Everything in the data must be repeated exactly, apart from the pictures, which are left out.

■ ■ ■

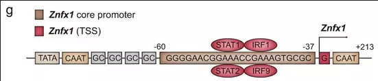 為了確定哪些核苷酸和區(qū)域Znfx1轉(zhuǎn)錄中很重要,使用promoter 2.0( http://www.cbs.dtu.dk/services/promoter/)、JASPAR(http://jaspar.genereg.net/)和CpGplot(http://www.ebi.ac.uk/Tools/seqstats/emboss_cpgplot/)進(jìn)行識(shí)別,其中包含TATA框、GC框和CAAT框的Znfx1的-1,064~+63之間的區(qū)域,是啟動(dòng)子。對(duì)轉(zhuǎn)錄因子結(jié)合位點(diǎn)的進(jìn)一步分析表明,Znfx1的啟動(dòng)子在相對(duì)集中和重疊的區(qū)域中包含STAT1、STAT2、IRF1和IRF9結(jié)合基序?;谶@些分析,構(gòu)建了一個(gè)Znfx1啟動(dòng)子報(bào)告基因載體,包含?1,064~+63之間的區(qū)域,以及一個(gè)突變的報(bào)告基因構(gòu)建體,其中缺失了STAT1、STAT2、IRF1和IRF9結(jié)合motif。接下來,STAT1,STAT2,IRF1或IRF9過表達(dá)質(zhì)粒和2個(gè)報(bào)告基因載體轉(zhuǎn)染293T細(xì)胞,報(bào)告基因分析表明,在STAT1、STAT2、IRF1或IRF9存在的情況下,報(bào)告基因的表達(dá)可以由Znfx1啟動(dòng)子誘導(dǎo),而不能由缺少轉(zhuǎn)錄因子結(jié)合位點(diǎn)的啟動(dòng)子載體誘導(dǎo)(圖1l)??偠灾琙NFX1是一個(gè)ISG,其病毒感染后的上調(diào)取決于JAK1-STAT1級(jí)聯(lián)反應(yīng)。
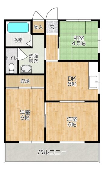 間取内容 | DK6帖 洋室6帖 洋室6帖 和室4.5帖 | ||
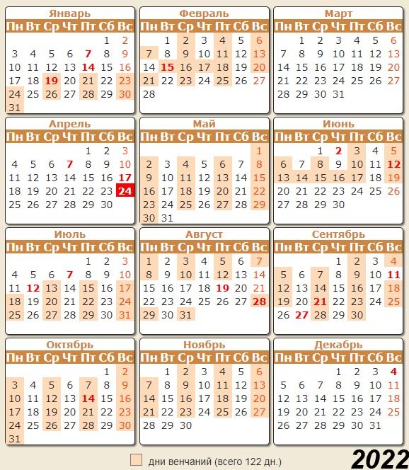 Таким образом, получается, что дней, подходящих для венчания, в течение года не так много. В 2022 году их всего 123.
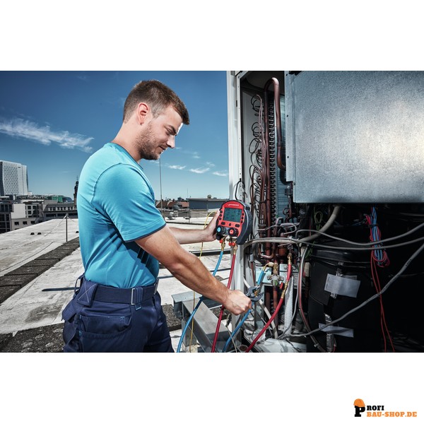 Die ROTHENBERGER ROCOOL 600 ist eine hochmoderne, digital aufrüstbare Monteurhilfe, die speziell für die anspruchsvolle Installation und Wartung von Klimaanlagen und Wärmepumpen entwickelt wurde. Dieses umfassende Set im robusten Transportkoffer beinhaltet das Grundgerät sowie zwei präzise Temperaturklemmen, die Ihnen sofort alle Vorteile einer digitalen Monteurhilfe eröffnen. Profitieren Sie von der automatischen Berechnung der Überhitzung und der Kompatibilität mit einer beeindruckenden Auswahl von über 80 verschiedenen Kältemitteln, was Ihnen maximale Flexibilität im Arbeitsalltag garantiert.
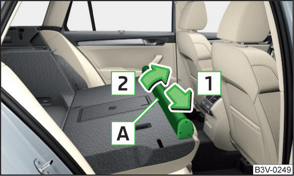 - Per il montaggio inserire le cavità sull'alloggiamento A negli alloggiamento degli schienali dei sedili posteriori e spostare l'alloggiamento in direzione opposta a quella della freccia 1 fino all'arresto.
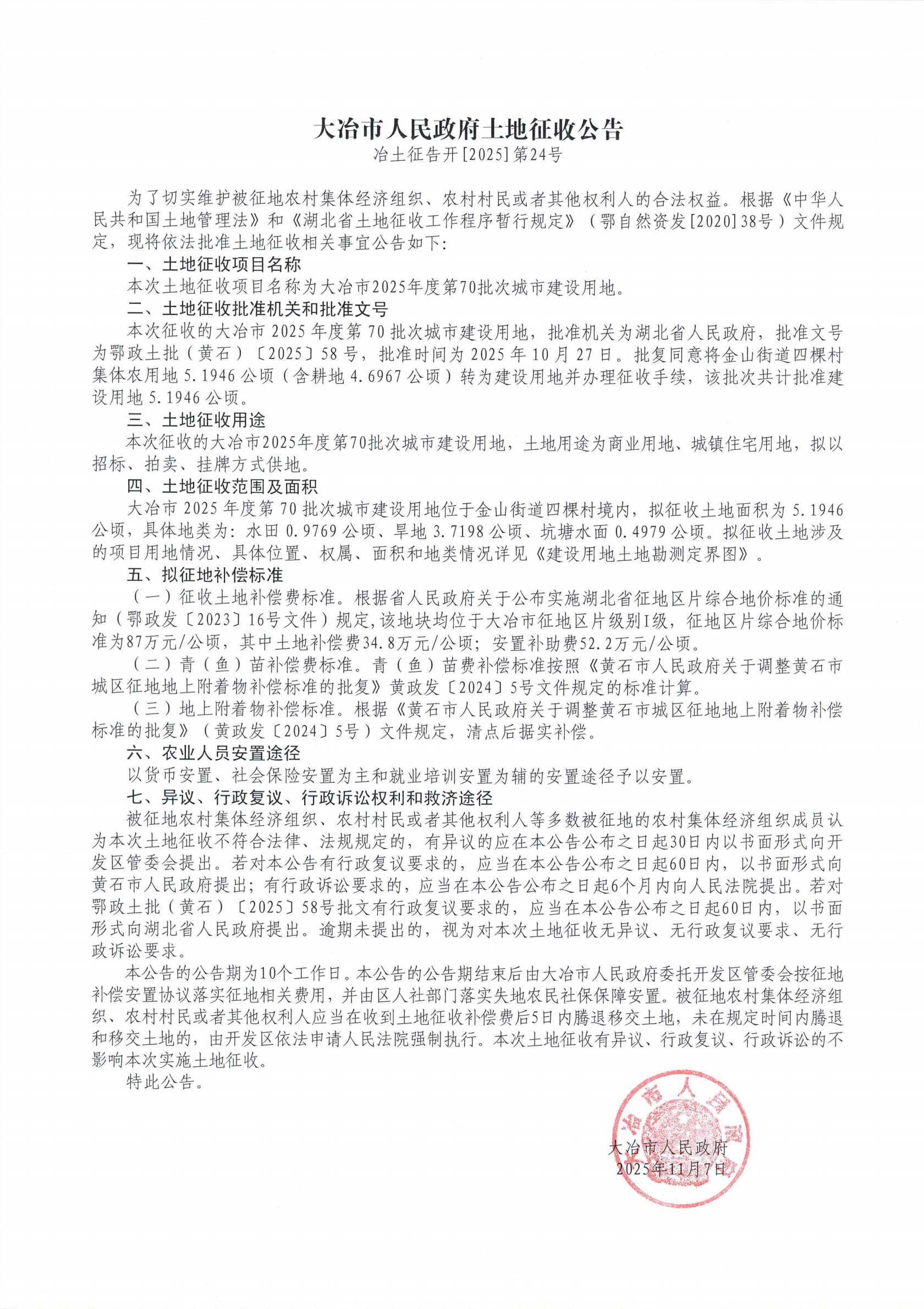 大冶市人民政府土地征收公告——冶土征告开[2025]第24号

■ ■ ■

[SOLVED PROBLEM]:
 為了確定哪些核苷酸和區(qū)域Znfx1轉(zhuǎn)錄中很重要,使用promoter 2.0( http://www.cbs.dtu.dk/services/promoter/)、JASPAR(http://jaspar.genereg.net/)和CpGplot(http://www.ebi.ac.uk/Tools/seqstats/emboss_cpgplot/)進(jìn)行識(shí)別,其中包含TATA框、GC框和CAAT框的Znfx1的-1,064~+63之間的區(qū)域,是啟動(dòng)子。對(duì)轉(zhuǎn)錄因子結(jié)合位點(diǎn)的進(jìn)一步分析表明,Znfx1的啟動(dòng)子在相對(duì)集中和重疊的區(qū)域中包含STAT1、STAT2、IRF1和IRF9結(jié)合基序?;谶@些分析,構(gòu)建了一個(gè)Znfx1啟動(dòng)子報(bào)告基因載體,包含?1,064~+63之間的區(qū)域,以及一個(gè)突變的報(bào)告基因構(gòu)建體,其中缺失了STAT1、STAT2、IRF1和IRF9結(jié)合motif。接下來,STAT1,STAT2,IRF1或IRF9過表達(dá)質(zhì)粒和2個(gè)報(bào)告基因載體轉(zhuǎn)染293T細(xì)胞,報(bào)告基因分析表明,在STAT1、STAT2、IRF1或IRF9存在的情況下,報(bào)告基因的表達(dá)可以由Znfx1啟動(dòng)子誘導(dǎo),而不能由缺少轉(zhuǎn)錄因子結(jié)合位點(diǎn)的啟動(dòng)子載體誘導(dǎo)(圖1l)??偠灾琙NFX1是一個(gè)ISG,其病毒感染后的上調(diào)取決于JAK1-STAT1級(jí)聯(lián)反應(yīng)。
 間取内容 | DK6帖 洋室6帖 洋室6帖 和室4.5帖 | ||
 Таким образом, получается, что дней, подходящих для венчания, в течение года не так много. В 2022 году их всего 123.
 Die ROTHENBERGER ROCOOL 600 ist eine hochmoderne, digital aufrüstbare Monteurhilfe, die speziell für die anspruchsvolle Installation und Wartung von Klimaanlagen und Wärmepumpen entwickelt wurde. Dieses umfassende Set im robusten Transportkoffer beinhaltet das Grundgerät sowie zwei präzise Temperaturklemmen, die Ihnen sofort alle Vorteile einer digitalen Monteurhilfe eröffnen. Profitieren Sie von der automatischen Berechnung der Überhitzung und der Kompatibilität mit einer beeindruckenden Auswahl von über 80 verschiedenen Kältemitteln, was Ihnen maximale Flexibilität im Arbeitsalltag garantiert.
 - Per il montaggio inserire le cavità sull'alloggiamento A negli alloggiamento degli schienali dei sedili posteriori e spostare l'alloggiamento in direzione opposta a quella della freccia 1 fino all'arresto.
 大冶市人民政府土地征收公告——冶土征告开[2025]第24号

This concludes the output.